The statutory complex
Just as bronze tributes to toxic philanthropists around the world are being tossed into the sea by disgusted crowds reclaiming their right to the city,2 a series of campaigns are arguing for the erection of statues to commemorate the civic deeds of significant women and female role models. Among these are Mary on the Green (London),3 the WoManchester statue project (Manchester),4 Monumental Women (New York City),5 Medusa with the Head Project (MWTH, New York City),6 Breaking the Bronze Ceiling (Kentucky)7 and A Monument Of One’s Own (AMOOO) in Australia, some of which have already delivered on their key objective: the unveiling of a statue of a woman in their respective cities.8
AMOOO, convened by a historian and a journalist, began by counting, that classic feminist art-historical method as practised by The Guerrilla Girls and the more recent local initiative, CoUNTess Project: only 4.3% of Melbourne’s public statues are of women, and of these, 2.8% are symbolic or fictional, 1.5% historical and only 1.4% non-fictional and non-royal. This fuelled the call to action: “We want our cities…to build new statues to new heroes, those who have been previously discounted from our nation’s story and those who can provide role models, inspiration and understanding for generations to come”.9 In 2022, AMOOO negotiated its first commission through public consultation and partnerships: a bronze figurative sculpture of equal pay activist Zelda D’Aprano designed by forensic reconstruction artist Jennifer Mann.

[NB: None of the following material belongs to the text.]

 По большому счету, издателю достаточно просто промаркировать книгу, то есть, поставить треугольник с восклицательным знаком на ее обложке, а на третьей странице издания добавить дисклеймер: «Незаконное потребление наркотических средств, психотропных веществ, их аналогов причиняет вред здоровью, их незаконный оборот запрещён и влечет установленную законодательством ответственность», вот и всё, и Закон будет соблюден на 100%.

This push for gender equality in the memorialisation of women, often instigated by grass-roots campaigns but then frequently coordinated by local government, has had some controversial outcomes, perhaps none as notorious as Mary on the Green’s tribute to Mary Wollstonecraft, another (silvered) bronze figurative statue, unveiled in a north London park in 2020 after decade-long fundraising. The tiny, stereotypical female nude (a young, white, slim figure purportedly standing in for Everywoman according to the artist Maggi Hambling) rising from its base of Rodin-like unmade matter was widely ridiculed as inappropriate to commemorate one of feminism’s founding voices.

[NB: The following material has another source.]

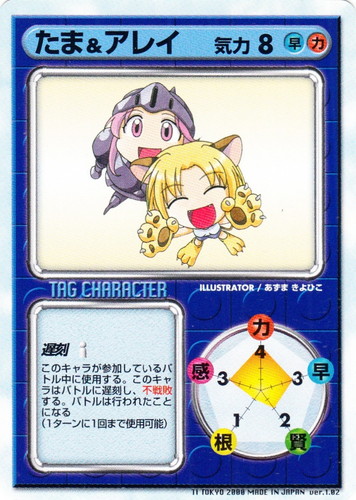![]() ![]() | たま&アレイ タッグキャラ ver.1.02 属性:早/力 気力:8 力:4 早:3 賢:2 根:1 感:3 遅刻[白] このキャラが参加しているバトル中に使用する。このキャラはバトルに遅刻し、不戦敗する。バトルは行われたことになる(1ターンに1回まで使用可能) ILLUSTRATOR:あずま きよひこ |

‘Performative monuments’ and beyond
It may be difficult to argue with the cause behind these initiatives – although aspirations to gender equality have been subject to feminist critiques for decades – but the perceived failure of several of the outcomes is not particularly surprising. To reach for an outdated artistic form, figurative sculpture, and anachronistic conceptions of civic space, to rely on an outdated artistic material in an age that recognises the egregious implications of extractivism, and to substitute celebration of one individual with that of another, albeit of a different gender, all speak to the inherently conservative nature of these projects. Such approaches, despite being careful to outsource decision-making to community and engage professional artists, also betray an alarming ignorance of the sophisticated work artists, including many informed by feminist perspectives, have undertaken in respect of public commemoration over decades.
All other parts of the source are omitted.